Not to quote their documentation, but Sphinx has wide range of a bulit-in and third party themes that make styling your documentation about as easy as it is with Jekyll. Given that most of my summer internship was working with the SCALE code system, I began to fancy their documentation, and ultimately chose the same Read the Docs theme. My only qualms were that the default width was a little too small (this is intentional: to provide a decent experience to mobile users, but I decided that wasn’t a priority) so I ended up following this Stack Overflow post to increase the width (just like in the SCALE manual) which amounted to this css style to the documentation’s custom css (_static/css/custom.css)

/* Modify the content width of the sphinx readthedocs theme */
.wy-nav-content {
    max-width: 1200px !important;
}

Sphinx Autodoc

Once I’d chosen a theme, it was off to generating the documentation. I’d already written a decent amount of my functions/classes with docstrings just for maintainability, and it turns out that’s all you need to generate API documentation with Sphinx autodoc.
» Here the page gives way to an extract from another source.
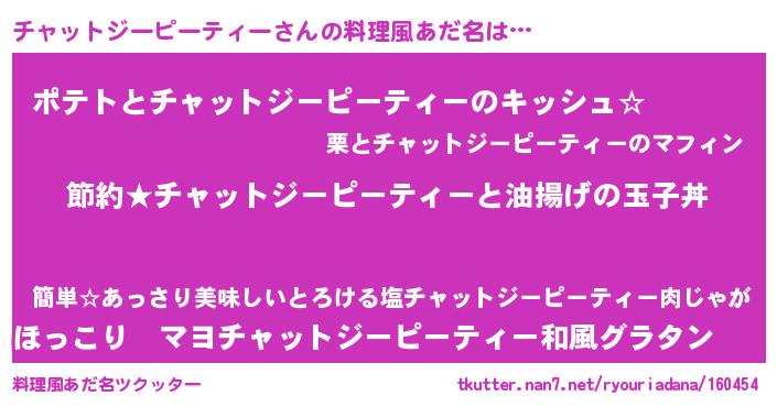 | 恥ずかしいあだ名 | 『プリティーチャットジーピーティー』 |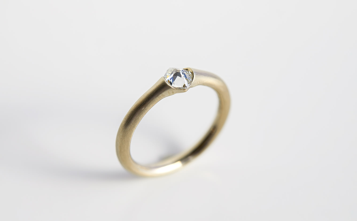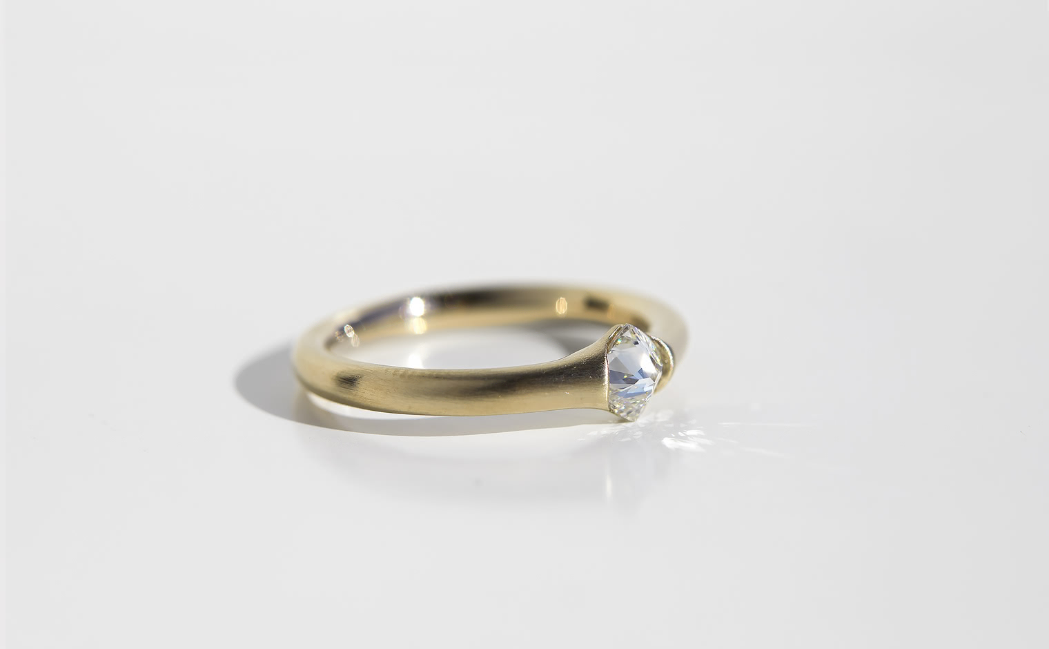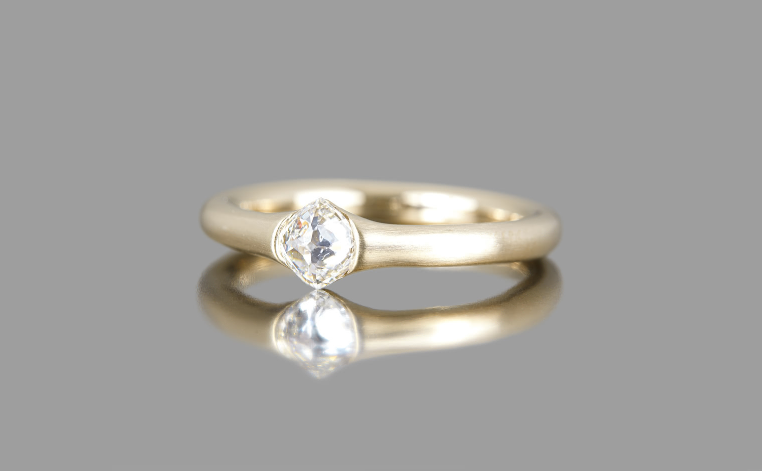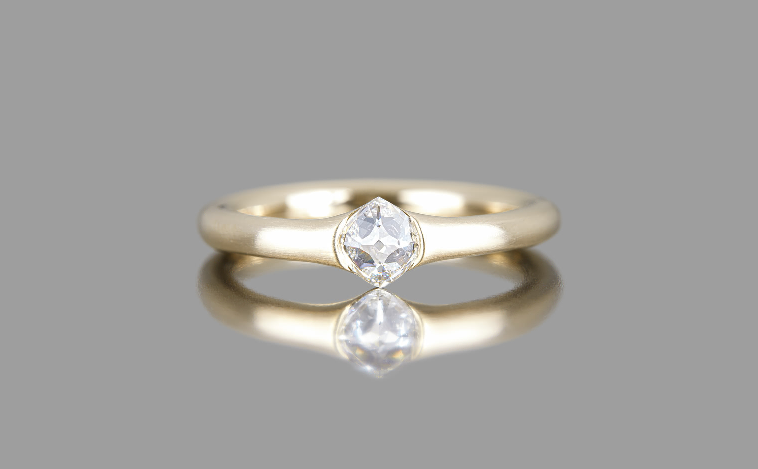 A Time for Pillow Talk. Let the radiant cushion-cut diamond take center stage as it nestles atop the delectable rose-cut diamond on a hand-polished beige gold band.

This sphinx extension automatically generates the correct .rst files (which sphinx then uses to generate the resulting documentation, a .html site in my case) for documenting every function, class, module, and subpackage in your code, provided your docstrings are formatted correctly. Unfortunately I’d been using some (unbeknownst to be) modified version of the NumPy docstring format so I had to rewrite all of them anyways. Note that, by default, the autodoc extension only supports .rst formatted docstrings, and you havew to include the napoleon extension to get support for NumPy (and Google) style docstrings.

Adding Typehints

Another thing to help generate your documentation more easily is to use typehints in your function/class declarations along with the typehints Sphinx extension to automatically generate documentation with correct type annotations (and default values, etc.). This can be more convenient and scalable than manually specifying types in the docstring, and if you’re abiding by PEP, it’s actually recommended in PEP 0484 so you’re killing two birds with one software tool, so to speak. With autodoc and typehints, a docstring like this

def cache_all_libraries(base_library: Path, perturbation_factors: Path, reset_cache: bool=False,
                        num_cores: int=multiprocessing.cpu_count()//2) -> None:
    """Caches the base and perturbed cross section libraries for a given base library and perturbed library paths.

    Parameters
    ----------
    base_library
        Path to the base cross section library.
    perturbation_factors
        Path to the cross section perturbation factors (used to generate the perturbed libraries).
    reset_cache
        Whether to reset the cache or not (default is ``False``).
    num_cores
        The number of cores to use for caching the perturbed libraries in parallel (default is half the number of cores 
        available).
        
    Returns
    -------
        This function does not return a value and has no return type.
        
    Notes
    -----
    * This function will cache the base cross section library and the perturbed cross section libraries in the user's home
      directory under the ``.tsunami_ip_utils_cache`` directory. If the user wishes to reset the cache, they can do so by
      setting the ``reset_cache`` parameter to ``True`` in the :func:`cache_all_libraries` function.
    * The caches can be `very` large, so make sure that sufficient space is available. For example, caching SCALE's 252-group
      ENDF-v7.1 library and all of the perturbed libraries currently available in SCALE (1000 samples) requires 48 GB of space,
      and for ENDF-v8.0, it requires 76 GB of space.
    * The time taken to cache the libraries can be significant (~5 hours on 6 cores, but this is hardware dependent), but when 
      caching the libraries a progress bar will be displayed with a time estimate.
    * Note, if using ``num_cores`` greater than half the number of cores available on your system, you may experience excessive
      memory usage, so proceed with caution.
    """

and the resulting documentation looks like this:

The generated html documentation from the above function declaration

Adding Support for LaTex in Docstrings

As a nuclear engineer, I mainly do scientific computing work, so it’s handy to be able to render LaTex in docstrings. With Sphinx, all you need to do is include Sphinx MathJax, which allows you to write inline math or full-on multiline equations.

Support For Doctests

Another nice feature is full support for doctests. These are small tests that are literally included in the docstring of the function they test and consists of a series of inputs and outputs that a user might get from running a python shell session. Their purpose is twofold: it provides examples which help document the function, and it serves as a test case. Again, all you have to do is include the Sphinx Doctest extension. To show just how powerful this is, here’s an example function signature (with docstring)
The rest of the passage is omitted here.